|NVDA CC: Volta "single largest processor...ever made...3D packaging"..................................|
Gotta love an all-fired-up CEO.
I was hoping to speak in a near-term and a longer-term question. On the near term, you talked about the health on demand side for Volta. Curious if you're seeing any sort of restrictions on the supply side, whether it's wafers or access to high-bandwidth memory, et cetera. And then the longer-term question really revolves around CUDA. You've talked about that as being a sustainable competitive advantage for you guys entering the year. And now that we've moved beyond HPC and hyperscale training to more into inference and GPU as a service and you've posted GTC around the world, curious if you could extrapolate on how you're seeing that advantage and how you've seen it evolve over the year and how you're thinking about CUDA as the AI standard?
Yes, thanks a lot, C.J. Well, everything that we build is complicated. Volta is the single largest processor that humanity has ever made, at 21 billion transistors, 3D packaging, the fastest memories on the planet and all of that in a couple of hundred watts which basically says it's the most energy-efficient form of computing that the world has ever known. And one single Volta replaces hundreds of CPUs. And so it's energy-efficient, it saves an enormous amount of money and it gets this job done really, really fast which is just one of the reasons why GPU-accelerated computing is so popular now. With respect to the outlook for our architecture. As you know, we are a one architecture company. And it's so vitally important. And the reason for that is because there are so much software and so much tools created on top of this one architecture.
On the inference side -- on the training side, we have a whole stack of software and optimizing compilers and numeric libraries that are completely optimized for one architecture called CUDA. On the inference side, the optimizing compilers that takes these large, huge computational graphs that come out of all of these frameworks, and these computational graphs are getting larger and larger and their numerical precision differs from one type of network to another -- from one type of application to another. Your numerical precision requirements for a self-driving car where lives are at stake to detecting where counting the number of people crossing the street, counting something versus trying to track -- detect and track something very subtle in all the weather conditions, is a very, very different problem.

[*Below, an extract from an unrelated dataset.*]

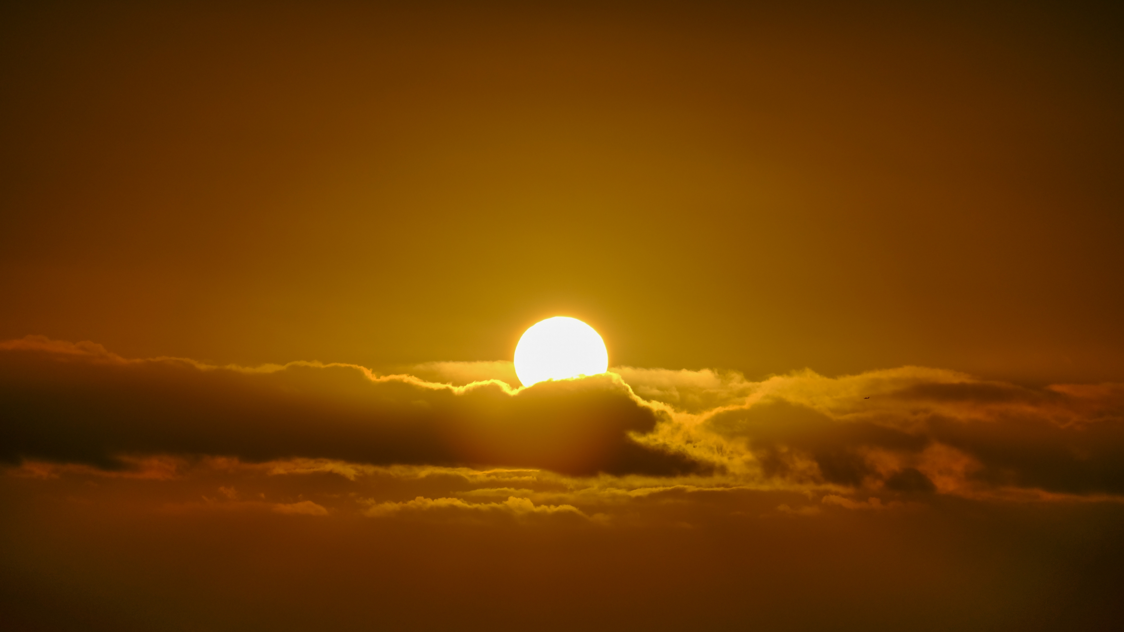 Description: A sun setting in the sky with clouds in the foreground and a plane in the foreground with a plane in the foreground.

And so the numeric -- the types of networks are changing all the time, they're getting larger all the time. The numerical precision is different for different applications. And we have different computing -- compute performance levels as well as energy availability levels that these inference compilers are likely to be some of the most complex software in the world. And so the fact that we have one singular architecture to optimize for, whether it's HPC for numeric, molecular dynamics and computational chemistry and biology and astrophysics, all the way to training to inference gives us just enormous leverage. And that's the reason why NVIDIA could be an 11,000 people company.

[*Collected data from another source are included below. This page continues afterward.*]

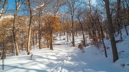 Serene Winter Forest Landscape with Snow Covered Trees Bright Sunny Day Tranquil Pathway in a Winter Wonderland Copy Space for Text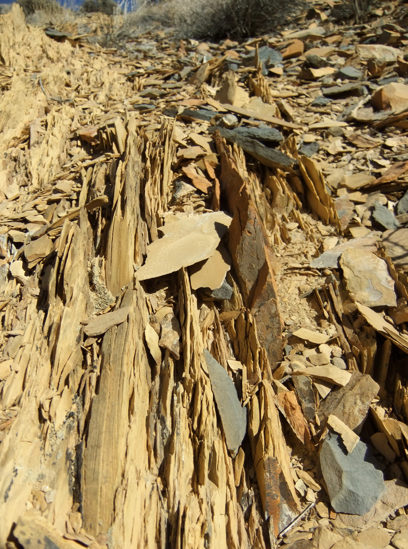 April 21, 2013 — Yellow shale, from which the Yellow Grade Road derives its name, approx. 6 miles up the road from Owens Lake (approx. 2 miles below the mining camp at the top of Buena Vista Peak).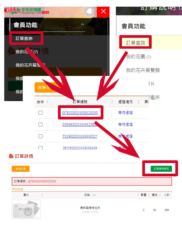 您可以修改購買數量、寄送方式或聯絡方式等資訊,只需於訂單查詢中點選訂單編號連結,進入訂單詳情後,點選「訂單資料修改」按鈕即可。

And arguably, performing at a level that is 10x that. And the reason for that is because we have one singular architecture that's -- that is accruing benefits over time instead of three, four, five different architectures where your software organization is broken up into all these different, small subcritical mass pieces. And so it's a huge advantage for us. And it's a huge advantage for the industry.
So people who support CUDA know that the next-generation architecture will just get a benefit and go for the ride that technology advancement provides them and affords them, okay? So I think it's an advantage that is growing exponentially, frankly. And I'm excited about it.